Saddam's defense team walked out of his trial first on Jan. 29 after chief judge Raouf Abdel-Rahman tossed out one of the lawyers for shouting. The defense then said it would boycott the trial unless Abdel-Rahman was replaced, accusing him of bias against Saddam. Court-appointed lawyers sat in during sessions over the past month.
Saddam and his seven co-defendants entered the court Tuesday and took their seats silently. But, shortly after the lawyers walked out, Saddam's half-brother and former intelligence head Barzan al-Tikriti had a heated verbal exchange with the judge. "I don't want the appointed lawyer," shouted Barzan, according to Reuters.
The defendants have been on trial since Oct. 19 in the killing of some 150 people from the town of Dujail after a 1982 assassination attempt against Saddam there. During Tuesday's session, the prosecutors presented a document they said was signed by the former president approving the executions of more than 140 Shiites in Dujail.
A document from the Revolutionary Court, dated June 14, 1984, stated that 148 suspects had been sentenced to death by hanging and listed their names. The prosecutor said the signature on the paper was that of the court's head, Awad al-Bandar, one of Saddam's co-defendants.
A memo dated two days later was a presidential order approving all 148 death sentences. It was signed by Saddam. According to the AP, prosecutors also showed a March 1985 document said to be signed by Ibrahim - then the chief of the intelligence agency - ordering the executions to be carried out.
Another document from the Revolutionary Court, dated March 23, 1985, confirmed that 96 executions took place. Another 46 people were "liquidated during interrogations," a later document stated.

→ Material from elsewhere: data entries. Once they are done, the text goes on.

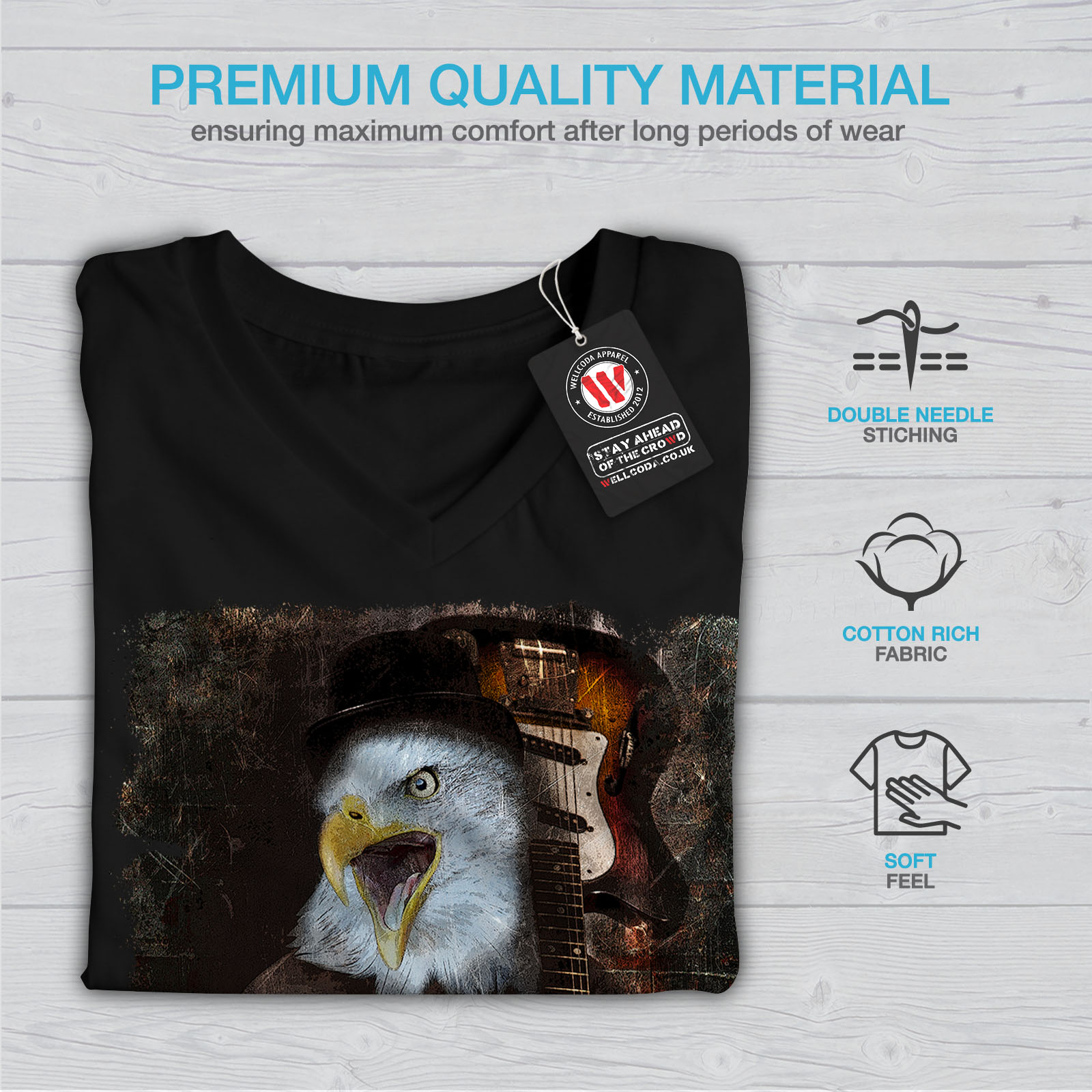 Wellcoda Eagle Rock Guitar Music Womens V-Neck T-shirt
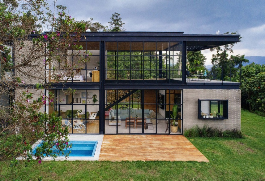這個(gè)釉面金屬結(jié)構(gòu)集成房屋有兩個(gè)水平的地板,被真空攔截,房子的空間朝向這個(gè)樓層。沒有墻壁,
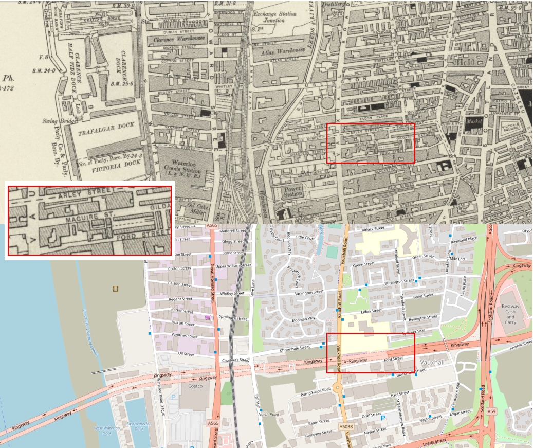 The Rowland family were living in Maguire St from about 1829. The Victorian map shows its location. The modern map indicates Maguire St disappeared
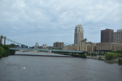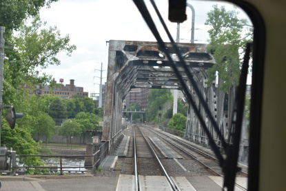 Out of the cab car window, the bridge across the Mississippi River. I thanked the train crew for the great ride on the Northstar, detrained and returned to the Target Field light rail station.

It also said four people were executed by mistake.
After about two hours of hearing documents, the court adjourned until Wednesday.
Blast
Hours before the trial was resumed, a blast badly damaged a Sunni mosque in northern Iraq, where the father of Saddam is buried. The bomb blast damaged a dome and blew out the doors and windows at the Hussein al-Majid mosque, which houses his father's grave, police Capt. Qais Abdul-Majid said.